Markov chains are stochastic processes where the Markov property holds: the future state depends only on the present state, not on the full history. Formally, for states $X_0, X_1, \ldots, X_n$ :

$P(X_{n+1} | X_n, X_{n-1}, \ldots, X_0) = P(X_{n+1} | X_n)$

This is a conditional independence statement: $X_{n+1} \perp (X_0, \ldots, X_{n-1}) \mid X_n$ . The Markov property is what makes these processes tractable, since you only need to track the current state rather than the entire past.

Applications of conditional probability

In medical testing and diagnosis

Medical tests are characterized by two conditional probabilities:

Sensitivity: $P(\text{positive} | \text{disease})$ , the true positive rate.
Specificity: $P(\text{negative} | \text{no disease})$ , the true negative rate.

What patients and doctors actually want is the positive predictive value $P(\text{disease} | \text{positive})$ . Bayes' theorem, combined with the disease prevalence (the prior), converts sensitivity and specificity into this clinically relevant number. When prevalence is low, even a highly specific test can have a surprisingly low positive predictive value.

In machine learning and data science

Naive Bayes classifiers predict class labels by applying Bayes' theorem and assuming conditional independence among features given the class. Despite this strong assumption, they often perform well in practice (e.g., text classification).
Bayesian networks represent probabilistic relationships among variables as directed acyclic graphs. Each node stores a conditional probability distribution given its parents, and the full joint distribution factors according to the graph structure.

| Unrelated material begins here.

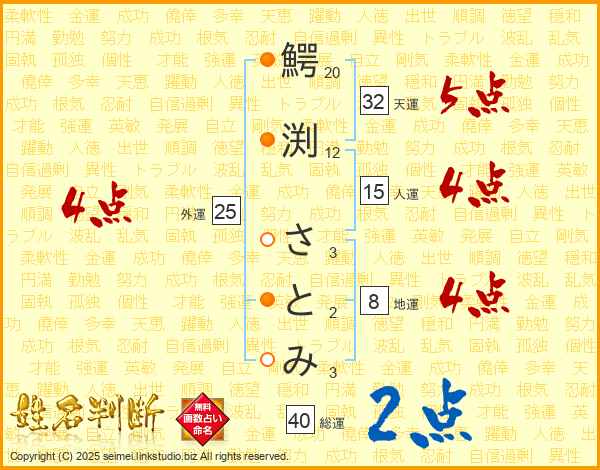 生活面を象徴する運勢です。外部から受ける影響力を表し、結婚運、家庭運や職場、環境への順応性を表します。総運から人運を引いた画数。姓や名が1文字の場合を除く。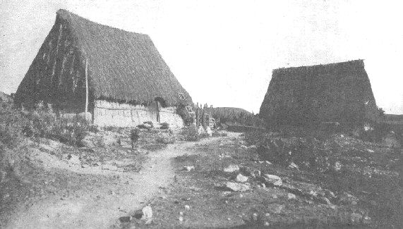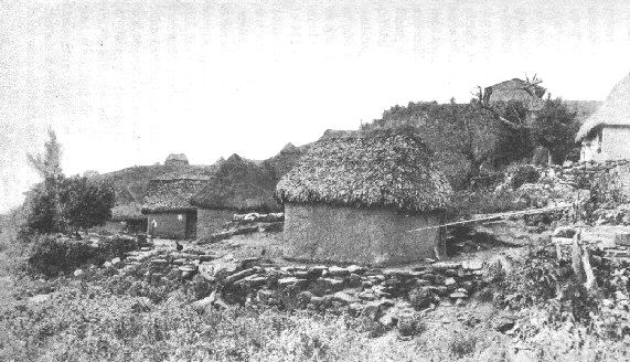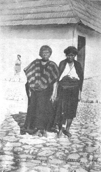 The road, after passing the hacienda, ascended almost constantly for many miles. We passed clumps of yuccas. As we mounted we faced a strong and cutting wind, and were glad when any turn in the road gave us a moment's relief. The final ascent was sharp and difficult, up a hill of red or purple slate, which splintered into bits that were both slippery and sharp to the feet of our poor animals. Just as the sun was setting and dusk fell, we reached the miserable pueblo of Santa Maria Albarradas. It was situated on a terrace or shelf, and its little houses were made of red or purple adobe bricks, and thatched with grass. Little garden patches and groups of cultivated trees surrounded the houses. The church was little larger than the dwellings, and was constructed of the same clay, thatched with the same grass. Near it was the town-house. We summoned the presidente, and while we waited for him, the men, women, and children of the town thronged around us and watched our every movement, commenting the while on our actions and words. When the presidente came, we made known our wants and soon had supper for ourselves, food for our animals, a shelter for the night, and a mozo as guide for the morrow. The town-house was put at our disposition; it was sadly in need of repairs, and consisted of two rooms, one larger than the other. In the larger room there was a long and heavy table, a bench or two, and some wooden chairs. We slept upon the ground, and long before we rolled ourselves up in our blankets the wind was blowing squarely from the north. The sky was half covered with a heavy black cloud; as the night advanced, it became colder and colder, the wind cutting like a knife, and while we shivered in our blankets, it seemed as if we had been born to freeze there in the tropics.

In genetics and probability

Conditional probability underlies genetic inheritance calculations. Punnett squares, for instance, display the conditional probabilities of offspring genotypes given parental genotypes. In population genetics, conditional probability is used to study how allele frequencies shift under processes like natural selection, genetic drift, and migration.